Molybdenum – a scoping review for Nordic Nutrition Recommendations 2023

Abstract

Molybdenum is an essential element in the form of the molybdenum cofactor (Moco). In humans, Moco is required for four enzymes: xanthine oxidase (XO), aldehyde oxidase, sulfite oxidase (SO), and mitochondrial amidoxime-reducing component (mARC). The enzymes are involved in the oxidation of purines to uric acid, metabolism of aromatic aldehydes and heterocyclic compounds, and in the catabolism of sulfur amino acids. Molybdenum cofactor deficiency is a rare autosomal recessive syndrome due to a defective synthesis of Moco, resulting in a deficiency of all the molybdoenzymes. There are no reports on clinical signs of dietary molybdenum deficiency in otherwise healthy humans. Water-soluble molybdate is efficiently absorbed from the digestive tract. The body retention is regulated by urinary excretion. Plasma molybdenum reflects long-term intake and 24-h urinary excretion is related to recent intake. There are no biochemical markers of molybdenum status. Cereal products are the main contributors to molybdenum dietary intake, estimated to 100–170 μg/day in Nordic studies. Little data are available on molybdenum toxicity in humans. A tolerable upper intake level of molybdenum has been based on reproductive toxicity in rats, but the effects have not been reproduced in more recent studies.

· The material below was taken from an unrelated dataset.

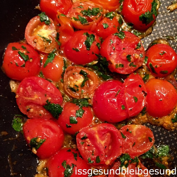 Petersilie grob hacken, Cherrytomaten halbieren. Knoblauch in Olivenöl anbraten, Tomaten dazugeben und solange schmoren, bis sie weich sind (5-7 Minuten), gehackte Petersilie dazugeben und noch 1-2 Minuten ziehen lassen.

The U.S. Institute of Medicine (IOM, present National Academy of Sciences, Engineering, and Medicine; NASEM) established a Recommended Dietary Allowance of 45 μg/day in adult men and women in 2001, based on a small study reporting urinary excretion in balance with intake at 22 μg/day. The European Food Safety Authority (EFSA) considered in 2013 the evidence to be insufficient to derive an Average Requirement and a Population Reference Intake, but proposed an Adequate Intake of 65 μg/day for adults.